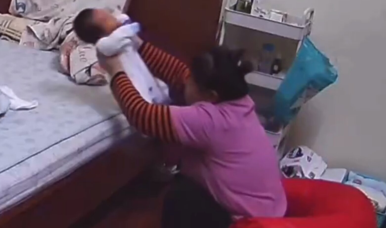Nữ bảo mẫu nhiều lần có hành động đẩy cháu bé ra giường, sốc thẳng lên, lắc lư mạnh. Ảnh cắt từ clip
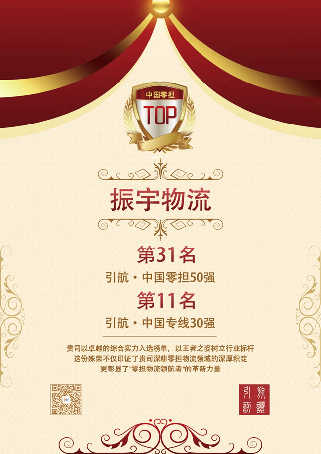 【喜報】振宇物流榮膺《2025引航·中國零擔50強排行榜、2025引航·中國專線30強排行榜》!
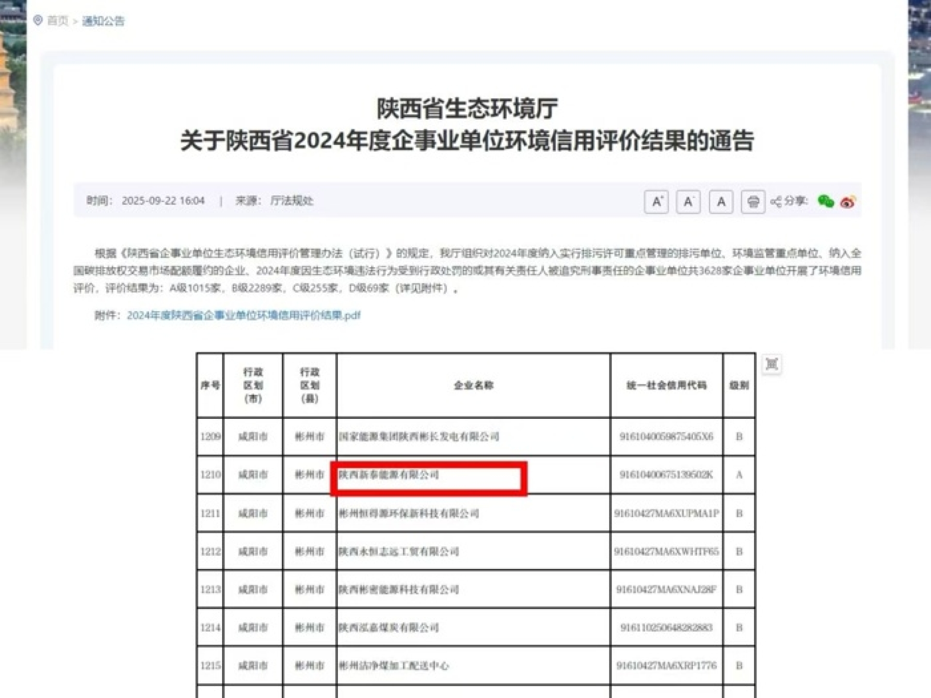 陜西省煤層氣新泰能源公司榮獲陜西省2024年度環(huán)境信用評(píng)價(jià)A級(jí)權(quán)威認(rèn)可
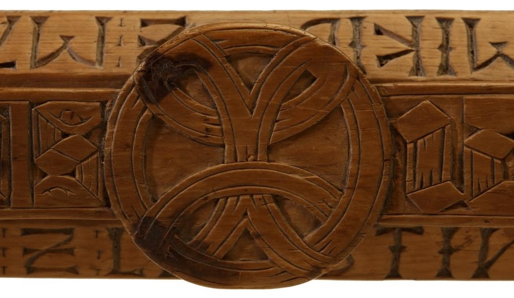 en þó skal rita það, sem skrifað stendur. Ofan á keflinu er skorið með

* _WHAT NEEDS TO BE DONE_: Everything in the material above is to be reproduced exactly, pictures aside.

* _TASK RESULT_:
Nữ bảo mẫu nhiều lần có hành động đẩy cháu bé ra giường, sốc thẳng lên, lắc lư mạnh. Ảnh cắt từ clip
 【喜報】振宇物流榮膺《2025引航·中國零擔50強排行榜、2025引航·中國專線30強排行榜》!
 陜西省煤層氣新泰能源公司榮獲陜西省2024年度環(huán)境信用評(píng)價(jià)A級(jí)權(quán)威認(rèn)可
 en þó skal rita það, sem skrifað stendur. Ofan á keflinu er skorið með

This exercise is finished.